In order to get mitch working, we need a 2 column table that maps probes to genes. The workflow shown here is for the HM450k array, and an EPIC example is show at the end of the report.
anno <- getAnnotation(IlluminaHumanMethylation450kanno.ilmn12.hg19)

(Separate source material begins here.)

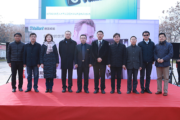 2017年12月15日,德国威能暖通人才西安培养基地建成揭牌仪式在必赢官网临潼校区中心广场举行,校长高岭、威能中国区总经理王伟东为基地揭牌,环化学院院长狄育慧,校党政办、实验管理处、教务处、国资处等相关负责人,威能西北区各地总经理及环化学院师生参加了揭牌仪式。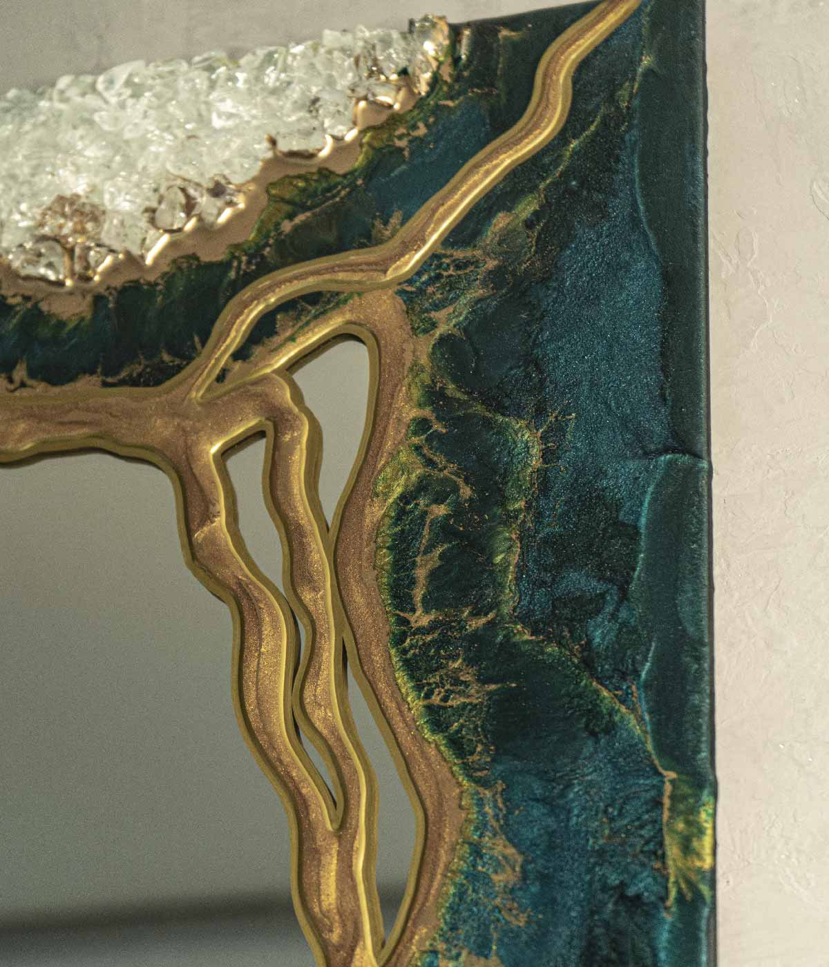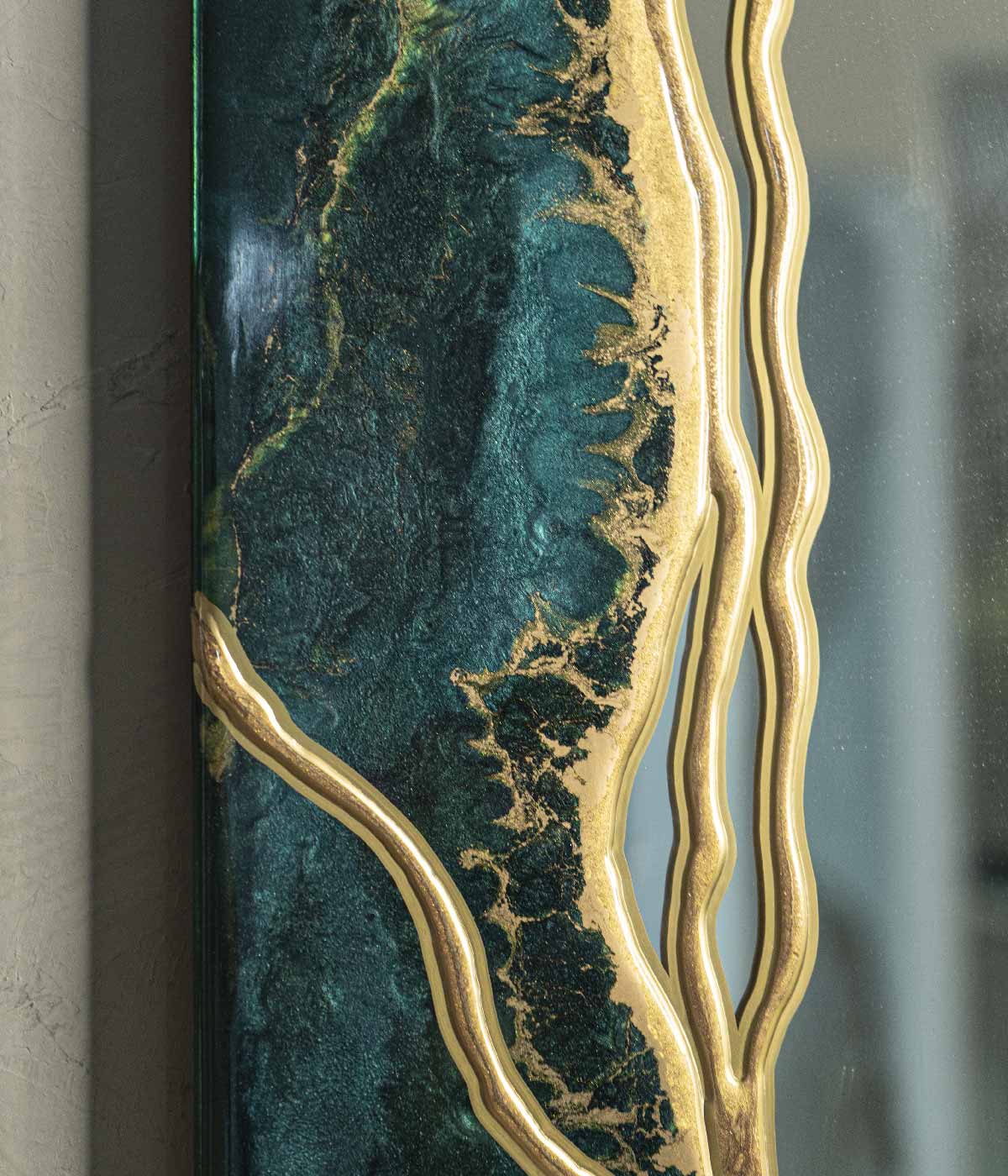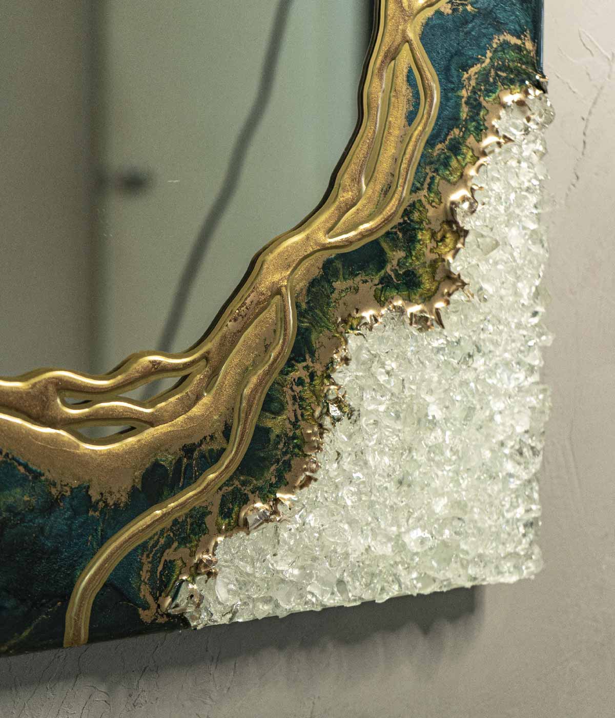 Hermoso espejo Geometrico de pared perfecto para complementar tus espacios en colores esmeralda, dorado, lineas en relieve y hermosos cuarzos

myann <- data.frame(anno[,c("UCSC_RefGene_Name","UCSC_RefGene_Group","Islands_Name","Relation_to_Island")])
head(myann)
## UCSC_RefGene_Name UCSC_RefGene_Group Islands_Name
## cg00050873 TSPY4;FAM197Y2 Body;TSS1500 chrY:9363680-9363943
## cg00212031 TTTY14 TSS200 chrY:21238448-21240005
## cg00213748 chrY:8147877-8148210
## cg00214611 TMSB4Y;TMSB4Y 1stExon;5'UTR chrY:15815488-15815779
## cg00455876 chrY:9385471-9385777
## cg01707559 TBL1Y;TBL1Y;TBL1Y TSS200;TSS200;TSS200 chrY:6778574-6780028
## Relation_to_Island
## cg00050873 N_Shore
## cg00212031 Island
## cg00213748 S_Shore
## cg00214611 Island
## cg00455876 Island
## cg01707559 Island
gp <- myann[,"UCSC_RefGene_Name",drop=FALSE]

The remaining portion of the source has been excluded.